The day as it was...

I probably should not be posting.

Should be heading to my room to rest. Sleep. Relax. Has been a long day, cooped up in the house for a meeting that would not end. And, outside was beautiful weather. Now that I am out, I am taking the chance to be on the net, which, of course I was missing...... these addictions of ours!

But, there are somethings to take care of. For example, David Kato's confessed murderer was arraigned before court. And, quite amusing to me, Ugandans are on the main not happy about the complaints that gay Ugandans have about them. Like here.
I watched in horror when a programme was aired on BBC3 naming Uganda as the worst place on earth to be gay.
I realised then how African countries are being publicised for all the wrong reasons. It amazed me how the gay community in Uganda is blaming everybody for their misfortunes while alleging that some of them live in the Bwaise slum because it is the safest place for them as a result of homophobia!
It is not right to say that most people living in the slums are gay. The programme also portrayed gays as being economically marginalised.
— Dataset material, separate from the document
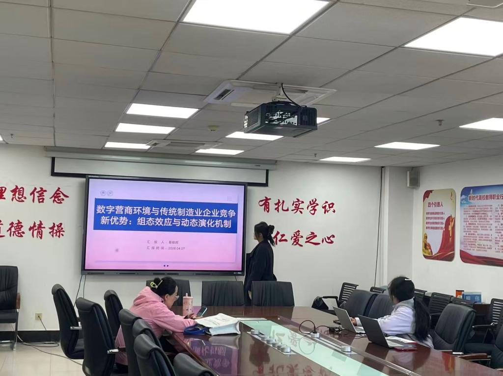 2024级研究生端荣雪和葛朝晖分别就其研究成果进行了汇报。端荣雪同学的论文《分行业信息披露与资本跨区域流动——基于企业异地投资的研究》,该研究以 A 股上市公司为样本,实证发现数字经济发展能显著促进企业创新,其通过提升企业数字化转型水平、优化信息环境、缓解融资约束等路径发挥作用,为数字经济赋能企业创新提供了理论与实践依据;葛朝晖同学则汇报了《数字营商环境与传统制造业企业竞争新优势:组态效应与动态演化机制》聚焦数字营商环境对传统制造业构建竞争新优势的复杂作用机制,基于组态视角与动态演化逻辑,探究多要素协同驱动企业转型的路径。

I believe they are just down right lazy; they should get off their backs and go look for work like other Ugandans. Why should they be special?
Nope. We are not special. And, when a respected member of parliament dares to introduce a genocidal bill in the parliament of the republic seeking to kill me or have me put in prison for life, I kind of see little funny in your cries of injured pride. Maybe you will feel worse when you are the one under threat?
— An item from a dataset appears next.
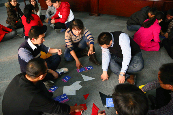 曹卫国主任从问题的提出、教育对象现状分析和思考、改革与实践、对班主任工作的启示和焦点问题等五个方面系统阐述了技工院校学生品德教育改革与实践。曹卫国主任的讲座紧紧围绕技工院校学生现状及品德教育的实施这一主线,理论联系实际,既有睿智的教育思想、前沿的教育理念,又有典型案例。同时,他还结合实际,对我院德育和学生工作进行了综合性的分析点评。讲座结束,曹卫国主任组织开展了七巧板拓展活动;他从团队建设及体验、焦点问题的引出、学生品德教育理论与实践等三个方面对拓展活动的目的和意义进行了阐述。

Others complain that too much attention is given to us, rather than the other problems of the country. Check this one out. The writer is Ethiopian anyway.

Questionable interest has been shown by the western media which many regard taking the story overboard and accusing the Ugandan society of hate crime. Some speculate their interest does not end at a human right activism only, but rather seen as an opportunity to ‘impose’ the western way of life.

Another theory for the west to have a special interest on the story is that it is considered as an instigator of conflict in the country and the region as a whole.  Hence, it was just easier to blame the whole thing on a hate crime. The western media rather report that an Ugandan gay activist was brutally killed but will not comment on a leader who have stayed in power for more than 20 years and supported by Western Governments. 
LOL, as kuchus, we can never win. Even when we apparently do.

But, at least there is better news from Mozambique. 
An LGBT association in Mozambique has welcomed clarification of the law by the country’s justice minister at the UN, but has expressed concern that the constitution and penal code are still ambiguous on gay rights.
The Republic of Mozambique has strong equality credentials compared with some African neighbours, but campaigners are pursuing absolute clarification of its stance on homosexuality.
LAMBDA, an organisation which is not currently recognised by the state, welcomed a statement by Benvinda Levi at the UN in which she said that homosexuality was not illegal in Mozambique.
But they expressed concern over Article 71 of the Penal Code, which orders “security measures” against those who habitually commit “vices against nature”.
“Security measures”, defined in the Code, include hard labour, internment in an asylum, and debarment from professional activities.
The term “vices against nature”, which was a 1954 inclusion, is not defined, and the campaign group is concerned that without explicit protection of homosexuality, a court could rely on this clause. 
 Now. For my room... or bed. To ceasar what is ceasars.